To enhance the models’ performance on real-world logical reasoning datasets by constructing an Abstract Meaning Representation based logic-driven data augmentation method.
Although large language models demonstrate impressive performance on current logical reasoning leaderboards, it remains underexplored whether they truly possess strong capabilities in logical reasoning.
The first part of the presentation focuses on improving language models’ ability in multi-step logical reasoning, particularly when faced with unbalanced reasoning steps. Inspired by DeepLogic, we present IMA-GloVe-GA, an RNN-based model with a gate attention mechanism, developed to accommodate varying reasoning depths. This is facilitated by our PARARULE-Plus dataset, created for deeper reasoning tasks. Our results show notable enhancements in model performance under both standard and out-of-distribution conditions.

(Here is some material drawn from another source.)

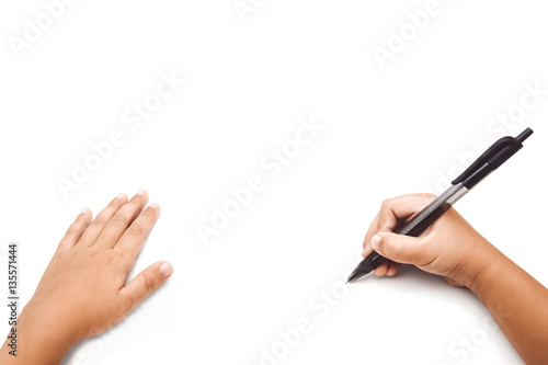 © Win Nondakowit, Fototapeta premium kid's hand writing on white

The second part of the presentation focuses on generating diverse training data to address the scarcity of real-world logical reasoning datasets and enhance large language models (LLMs) for logical reasoning tasks. We introduce AMR-LDA, a data augmentation method that converts text into Abstract Meaning Representation (AMR) graphs, improving reasoning datasets. This approach benefits various models, including GPT-3.5 and GPT-4, and improves performance, notably achieving the top rank on the ReClor leaderboard.
The third part of the presentation examines how Large Language Models (LLMs) like GPT-3.5 and GPT-4 respond to trivial changes in logical reasoning datasets. We created ReClor-plus, LogiQA-plus, and LogiQAv2-plus, which include shuffled options and modified correct choices to test LLMs’ logical reasoning. Although LLMs excel on standard datasets, they exhibit degraded performance with these modified versions. Our findings reveal that incorporating task variations, perturbations in training sets, and logic-driven data augmentation significantly enhances LLMs’ generalisation and robustness in logical reasoning scenarios.

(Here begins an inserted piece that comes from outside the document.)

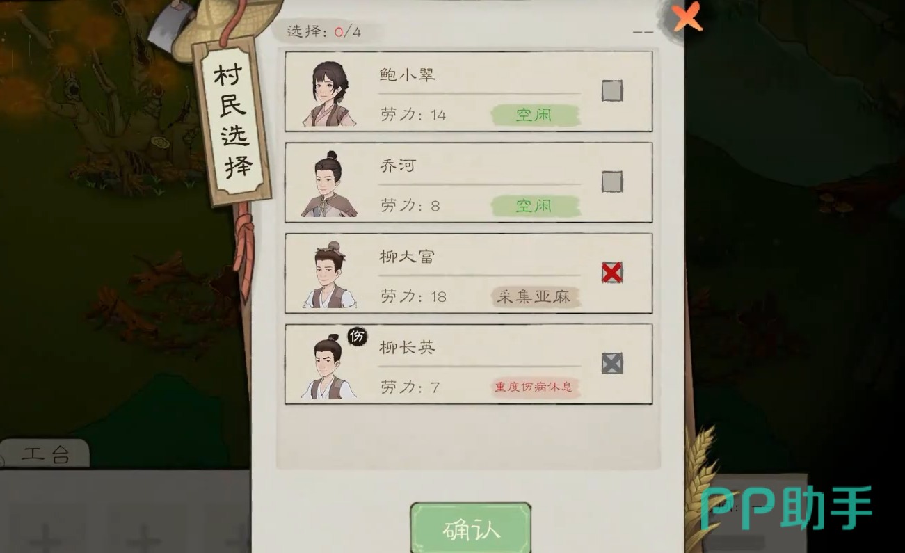选择完毕,大家将看到所需材料的具体数量。通常情况下,工台的制作需要12根木材。确保木材数量充足后,大家可以点击并勾选以选择负责建造的村民。为了提高建造效率,建议大家选择足够数量的村民参与工作。一般来说,参与建造的村民越多,效率越高。

This presentation explores several different approaches to demonstrate a more robust QA system that aids computers in thinking and reasoning over natural language texts through logical reasoning. Our methods have been evaluated and now lead the public logical reasoning leaderboard, ReClor. We are the first group in the world to have scored above 90% on the ReClor hidden test set.

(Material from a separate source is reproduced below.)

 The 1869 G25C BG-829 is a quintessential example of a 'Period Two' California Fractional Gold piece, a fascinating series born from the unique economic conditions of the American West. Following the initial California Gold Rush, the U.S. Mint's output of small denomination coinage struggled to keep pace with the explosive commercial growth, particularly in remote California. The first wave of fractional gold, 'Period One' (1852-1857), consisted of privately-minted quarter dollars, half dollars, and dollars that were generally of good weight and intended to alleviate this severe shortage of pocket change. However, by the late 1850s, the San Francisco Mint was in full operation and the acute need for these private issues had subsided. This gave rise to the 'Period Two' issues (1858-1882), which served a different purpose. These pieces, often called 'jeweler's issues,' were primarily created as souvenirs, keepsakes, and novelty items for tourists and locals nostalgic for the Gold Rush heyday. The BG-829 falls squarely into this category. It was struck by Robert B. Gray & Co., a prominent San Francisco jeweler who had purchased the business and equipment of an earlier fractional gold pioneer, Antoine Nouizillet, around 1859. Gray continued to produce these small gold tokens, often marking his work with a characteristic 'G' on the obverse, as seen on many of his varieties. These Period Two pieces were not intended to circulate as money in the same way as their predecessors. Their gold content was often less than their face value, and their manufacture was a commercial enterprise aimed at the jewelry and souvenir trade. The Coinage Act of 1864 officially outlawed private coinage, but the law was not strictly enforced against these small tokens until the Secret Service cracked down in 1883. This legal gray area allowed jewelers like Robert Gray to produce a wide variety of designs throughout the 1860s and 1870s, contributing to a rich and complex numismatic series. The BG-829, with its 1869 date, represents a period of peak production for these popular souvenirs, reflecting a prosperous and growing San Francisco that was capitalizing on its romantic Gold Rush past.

About the speaker: Qiming Bao is a Ph.D. graduated from the Strong AI Lab, NAOInstitute, University of Auckland, New Zealand, supervised by Professor Michael Witbrock and Associate Professor Jiamou Liu. His research interests include natural language processing and reasoning. He has over five years of research and development experience, and has published several papers in top conferences in the fields of AI/NLP/Reasoning, including ACL, AAAI, IJCAI, ICLR, EACL, LLM@IJCAI, AGI@ICLR and IJCLR-NeSy. His method named AMR-LDA (GPT-4 + AMR-LDA Prompt Augmentation) has achieved the #1 ranking on a one of the most challenged logical reasoning reading comprehension leaderboards (ReClor) and we are the first group scored above 90% on the hidden test set around the world. Two of his logical reasoning datasets called PARARULE-Plus and AbductionRules have been collected by LogiTorch, ReasoningNLP, Prompt4ReasoningPapers, OpenAI/Evals, A Survey on Evaluation of Large Language Models and Reasoning Language Models: A Blueprint. Qiming has given public guest talks and academic visit at Microsoft Research Asia, Samsung AI Center Cambridge UK, IEEE Vehicular Technology Society, ZJU-NLP Group, Zhejiang University, The University of Melbourne, Institute of Automation, Chinese Academy of Sciences, Shenzhen MSU-BIT University, University of Massachusetts – Amherst and Penn State University on his main research topic, “Natural Language Processing and Reasoning”.